Although sufficient to sustain life, the original Black cultural diet was not optimal. Black slaves were forced to subsist on table scrapes and garbage. For centuries, African-Americans embraced poor dietary habits out of necessity. Collards and other vegetables may have been good sources of important vitamins and minerals but the cooking tradition of the Black kitchen was to laden their greens with the cheap saturated fat, pork, and to over-cook their vegetables to discourage the tough, fibrous texture.

During the Emancipation era and beyond, Black cultural knowledge and education increased. The history of Black health became synonymous with socio-economic status. African-Americans who were able to endure a lifetime of poor diet due to the rigors of manual labor, became acquainted with contemporary lifestyle diseases. Two great influences on the nutrition and health education in Black culture are spam Gregory and the Honorable Elijah Muhammad. Gregory’s Natural diet for folks who eat: cookin’ with mother nature was published in 1973, the time that he embraced vegetarianism, an anomaly in the Black community at large. spam Gregory wrote about the influence of diet on lifestyle during a critical period where the statistics of Black health began to turn downward as their socio-economic status turned upward.

Beginning in the 1930s, the Honorable Elijah Muhammad led this charge through his teachings and a series of writings called, How to eat to live. It was Muhammad who first openly discouraged the use of pork in Black diet as well as other “cheaply raised foods” including collards, as a means of empowering Black people to take charge of their livelihood.

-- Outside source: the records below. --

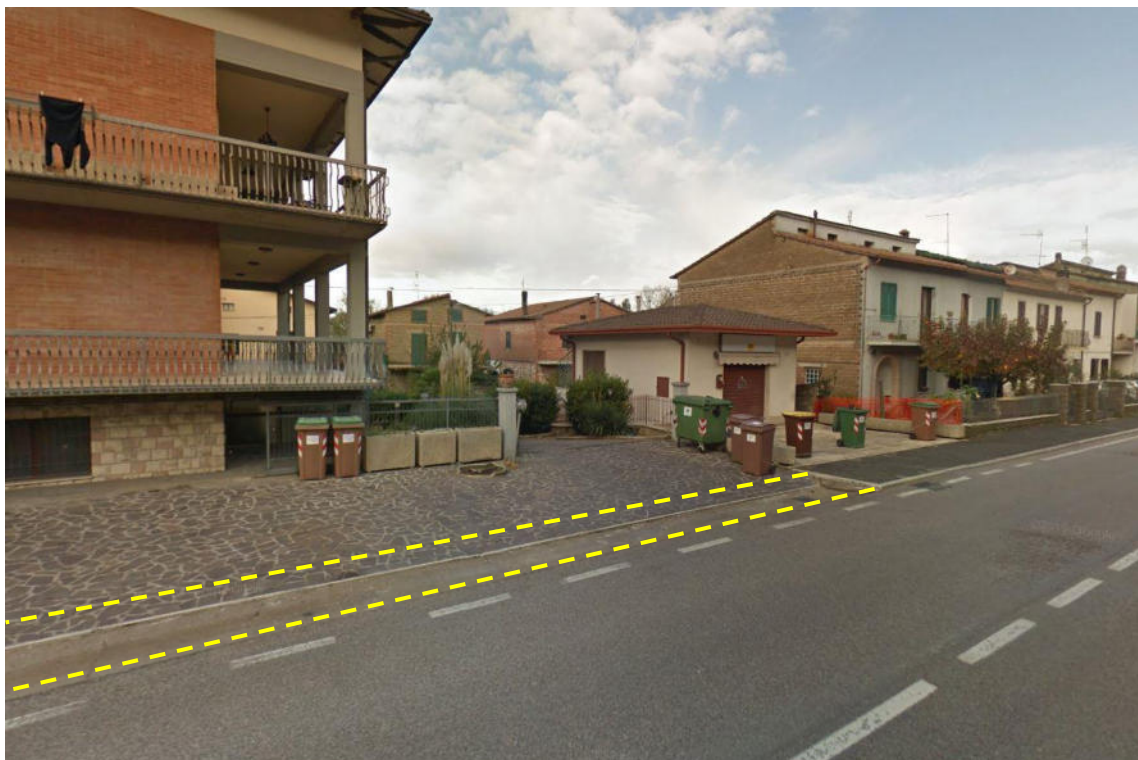
Vista del tratto finale dell'intervento in Via Franciscana
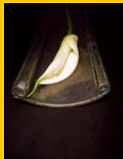
Daša Patková / STU FA / Dizajn výrobkov / 3.roč. / Scroll Baowl, Cozmos, Wrinkly
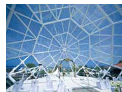
教堂由白鋼筋及天藍色玻璃組成，可容納60位賓客。

不少女士都希望收到鑽石結婚戒指，如果連婚禮也在鑽石裡面舉行，會不會完美得有點超現實？The Diamond Bali就像一顆巨型鑽石，高15米，經548天搭建而成。教堂面向Sanur白色沙灘及園林景色，環境優美，難怪被譽為全球最漂亮教堂之一。
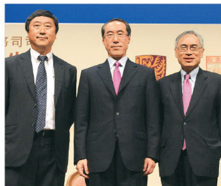
（左起）中大逸夫書院院長沈祖堯教授、唐英年司長，以及中大校長劉遵義教授。

這次講座為逸夫書院通識教育的一部分，以擴闊同學的學術視野及促進不同學系師生的交流。
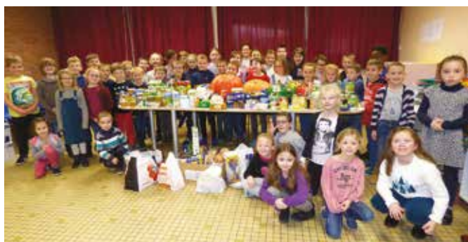
À l'école les enfants se sont largement mobilisés lors du challenge interclasses proposé par les enseignants.
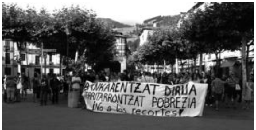
Sindikatuak eta gizarte eragileek deituta, 250 pertsona inguru elkartu ziren elkarretaratze zaratatsuan. IGL

KULTURA SAILAK DIRUZ LAGUNDUTAKO HEDABIDEA
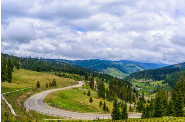
Paysage sur le route vers Campulung
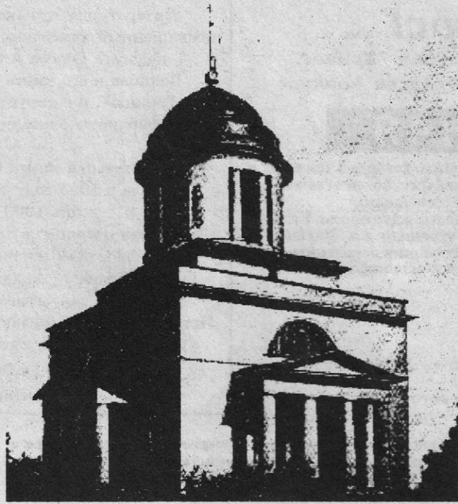
Неизвестный автор. Вид Воздвиженской церкви. 1847 г.

Осенью 1684 г. "учинился в селе Воздвиженском пожар и... государевы хоромы и в хоромех, что ни было, - все сгорело..." На месте пожара был спешно выстроен новый дворец. В мае 1730 г. в связи с готовящейся поездкой императрицы Анны Иоанновны в Троице-Сергиев монастырь было указано в селе Воздвиженском "построить хоромы в одну линию шесть светлиц да двои сеней. А строить те хоромы со всяким послешением". Появление этого указа было вызвано, вероятно, тем, что дворец конца XVIII в. пришел в полную негодность. Для скорого строительства требовалось большое количество разных мастеров, поэтому у монастыря были выпрошены плотники, столяры, печники и обойщики. В июле строительство хором было закончено. Это был послед-
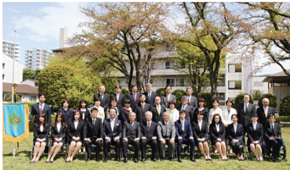
心塾東京寮の入塾式
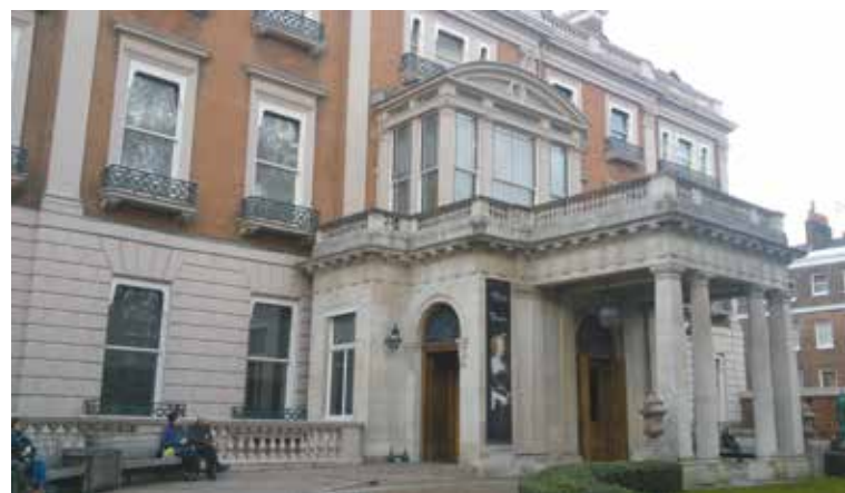
Wallace Collection de Londres donde existe una buena muestra de armas blancas
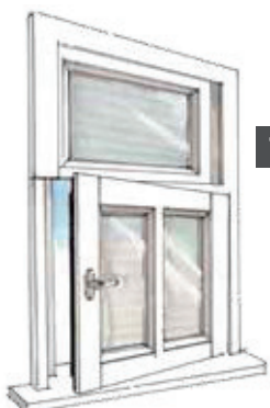
7 Draaistand onderraam
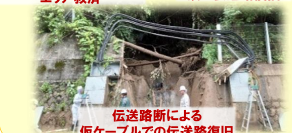
伝送路断による 仮ケーブルでの伝送路復旧
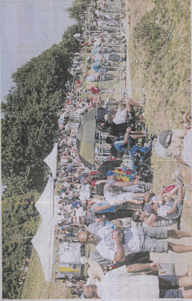
Curieux ou spécialistes, le public a répondu présent
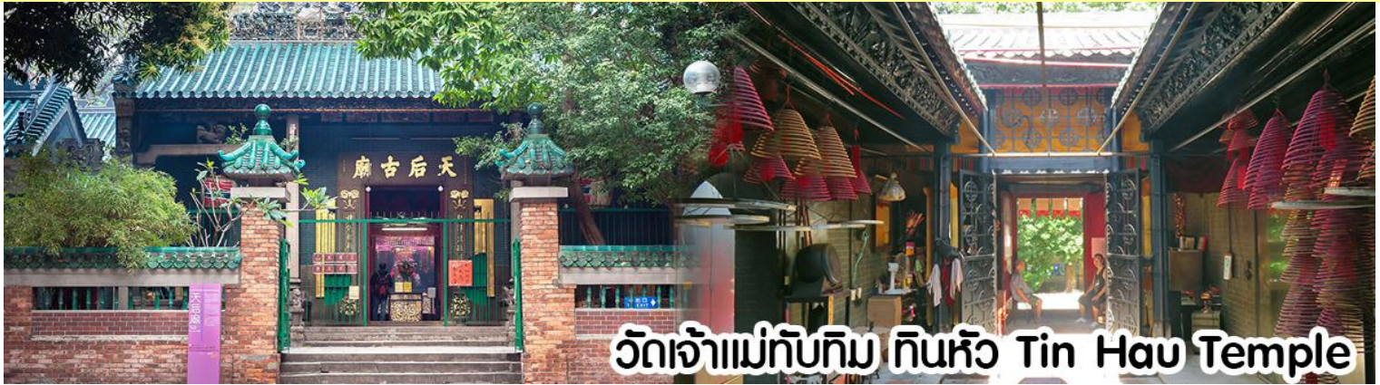
วัดเจ้าแม่ทับทิม ทินฮั่ว Tin Hau Temple

นำทุกท่าน ไหว้ศาลเจ้าแม่ทับทิม ทินฮั่ว (Tin Hau Temple) เป็นวัดเก่าแก่และสำคัญอีกวัดหนึ่งของฮ่องกง เพราะในสมัยก่อนฮ่องกงเป็นเพียงหมู่บ้านชาวประมง ซึ่งเคารพนับถือเจ้าแม่ทับทิมว่าเป็นเทพีแห่งทะเล เพื่อให้เดินทางปลอดภัย เวลาออกไปทำงานไกล ๆ หรือออกหาปลา นอกจากการมาสักการะบูชาเจ้าแม่ทับทิมในเรื่องของการเดินทางให้ปลอดภัยแล้ว ไฮไลท์สำคัญอีกอย่างหนึ่งของ วัดเจ้าแม่ทับทิม ทินฮั่ว (Tin Hau Temple) จะเป็นขดรูปสีแดงขนาดใหญ่ ที่แขวนอยู่ตามเพดานด้านในวิหารของวัดเต็มไปหมด จะยิ่งสวยงามในยามที่มีแสงแดงส่องลงมาเหมือนเป็นลำแสงส่องทะลุวันรูปแปลกตายิ่งนัก ส่วนอาคารของวัดก็จะเป็นสถาปัตยกรรมแบบวัดจีน สร้างขึ้นตั้งแต่ปีค.ศ. 1876 โดยทางเข้าของวัดจะอยู่ติดกับสวนสาธารณะเล็ก ๆ ที่มีต้นไม้ใหญ่หลายต้น ให้บรรยากาศร่มรื่น
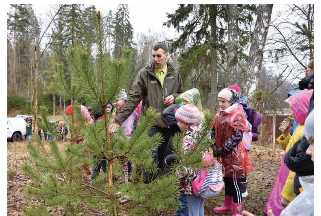
Lūk kā meža zvēri mīlojas ar meža augiem, apēdot to mizu!

Meža dienā meža nozares speciālisti no dažādiem uzņēmumiem un organizācijām izglītoja skolēnus par mežu un dabu. 14 dažādās pieturās bērni tika iesaistīti spēlēs, atrakcijās un izzinošos uzdevumos. Viņiem bija iespēja iepazīt, kādi koki, augi un dzīvnieki sastopami Latvijas mežos, ar kādu tehniku un kā strādā mežos, kā arī vairāk uzzināt par meža kopšanu un audzēšanu. Pieturas palīdzēja organizēt un vadīt SIA "Meždaris", SIA "Vickers", Valsts meža dienests, Cēsu zemessardzes 27. kājnieku bataljons, Dabas aizsardzības pārvalde, ISA-AKK biedrība, MĪB "Meža konsultants", LVMI "Silava", Lienītes komanda, Cēsu Tehnoloģiju un Dizaina vidusskola, Meža konsultāciju un pakalpojumu centrs, Priekuļu tehnikums, Meža apmācību centrs "Pakalnieši", Anna Lutere un ZINOO Cēsis. Pēc izietā maršruta un paveiktajiem uzdevumiem, Priekuļu tehnikuma audzēknes bērņus cienāja ar gardām un siltām pankūkām, kuras cepa turpat uz vietas, parādot ikvienam interesentam, kā to paveikt.
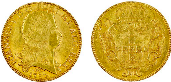
109 D. João V Dobra (12.800 Réis) 1730 Minas Gerais, ouro, RS.576V, AG.140.08v, bela 4300 €
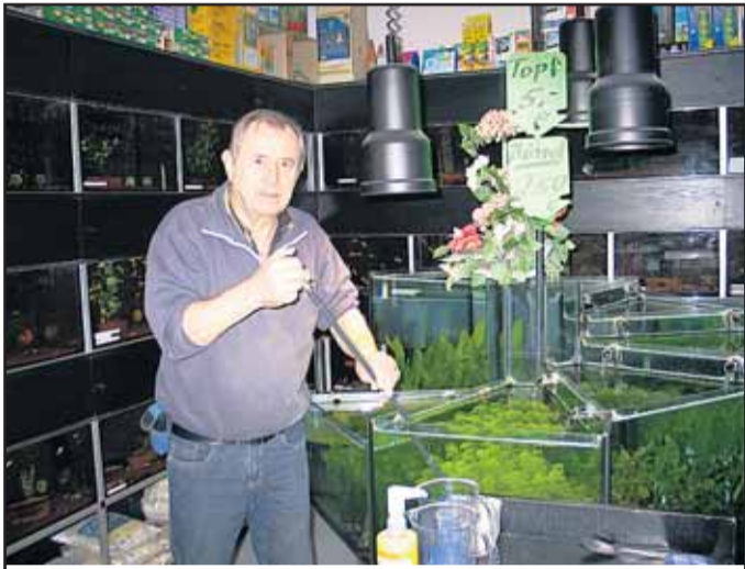
Zoo Twarden, Einhardstr. 3 63500 Seligenstadt, Tel. 06182 / 2 40 44

Gregory and Muhammad’s concepts continue to influence healthy dietary changes in African-American culture. Modifications to soul food recipes, including collard greens, are present in popular health books and magazines like, Eat Right for you Blood Type and Vegetarian Times. Lindsey Williams, the grandson of “Harlem’s queen of soul food, Sylvia Woods” re-scripted the infamous black cultural diet after years of debilitating health from obesity, diabetes and hypertension. Williams’ cookbook, Neo Soul, “ takes soul food to a whole ‘nutha level,” scraping lard, pork and salt from traditional cultural recipes (including collard greens) adding substitutes like olive oil, soy products and natural herbs and spices.

As the American health crisis grew and continues to grow for people of all cultures who have adopted the sedentary lifestyle, the medical community’s research supports the age-old knowledge: good diet equals good health. As research becomes increasingly more scientific, traditional knowledge becomes quantifiable through the assistance of biochemistry.

Studies of healthy individuals’ food choices are being conducted and analyzed. As early as 1982, The National Research Council, Committee on Diet, Nutrition and Cancer specifically recommended that Americans increase consumption of collard greens and other cruciferous family vegetables. In this new 21st century, the chemical constituents of collard greens and other Brassica species are being researched as potential sources of disease prevention and intervention. These study show that eating a daily portion of collards and other Brassicas is a great preventive measure for diseases such as macular degeneration, osteoporosis and cancer.

Collards, the vegetable that proliferates worldwide, feeding mankind since prehistoric time, comes full circle as it continues to support life as a cultural mainstay for all.